# Elliot's Spring Gathering



## Celyn (Feb 19, 2010)

It's kind of an unconventional convention? At least from the description at any rate. I've never been to one of these, so if someone has, I've got a few questions ^_^ 

What are they like? I see the general event outline, but I'm more interested in the Artist's Alley portion, but there's sadly no further clarification than just saying that it's there >_< 

https://ele.furryhost.com/ Link if I'm not the only one who hasn't seen this before lol.


----------



## Ricky (Feb 19, 2010)

I went to the first couple ones he had years ago when it was at his place outside Orlando.

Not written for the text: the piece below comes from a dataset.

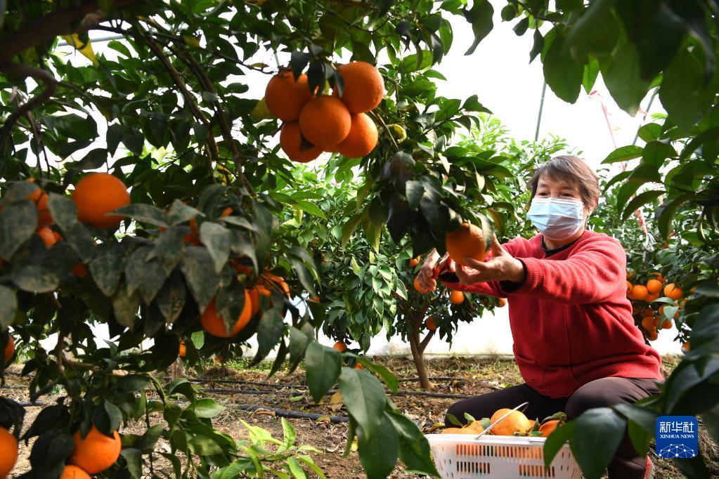 11月26日,村民在肥西縣銘傳鄉王井社區特色蔬果產(chǎn)業(yè)園內采摘“紅美人”柑橘。
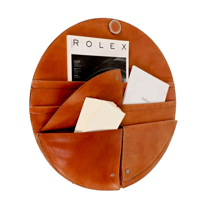 Incredibile portariviste da parete tondo in pelle e acciaio della metà del secolo. Questo pezzo sorprendente è stato prodotto da Frau in Italia negli anni ’70. Dimensions: Diameter: 23.63 in. (60 cm)

It was a huge party with tons of people, mostly locals.  It was a lot of fun.

I haven't been there since it moved to a hotel, however.  Guess it got big.


----------



## Celyn (Feb 19, 2010)

Darn. Huge at last check, I think they're qu0ting like 130ish people for last year alone, with 40 in fursuits, which is amazing to me, I'd personally DIE in a fursuit in summer down here!


----------



## Ricky (Feb 19, 2010)

More than Furloween then, I think.  Furloween sucks anyway.

BTW - nice avatar XD

windowlicker


----------



## Celyn (Feb 19, 2010)

XD lol thanks, a friend linked me to the image, first it was just angry fox, then window licking fox, then window licking angry fox XD Derpy Fox <3

Hmm, I wonder if there are any other fun cons down here, I only know of the Elliott's, and Megaplex, which sadly falls on Metrocon weekend. Metrocon > Megaplex for me.


----------



## OTaintedLoveO (Feb 19, 2010)

that's meh! >:[


----------



## Celyn (Feb 19, 2010)

What's meh? <_<


----------



## OTaintedLoveO (Feb 20, 2010)

Celyn said:


> What's meh? <_<



nothing lol that's meh name xP


----------



## Celyn (Feb 20, 2010)

Oooh XD lol


----------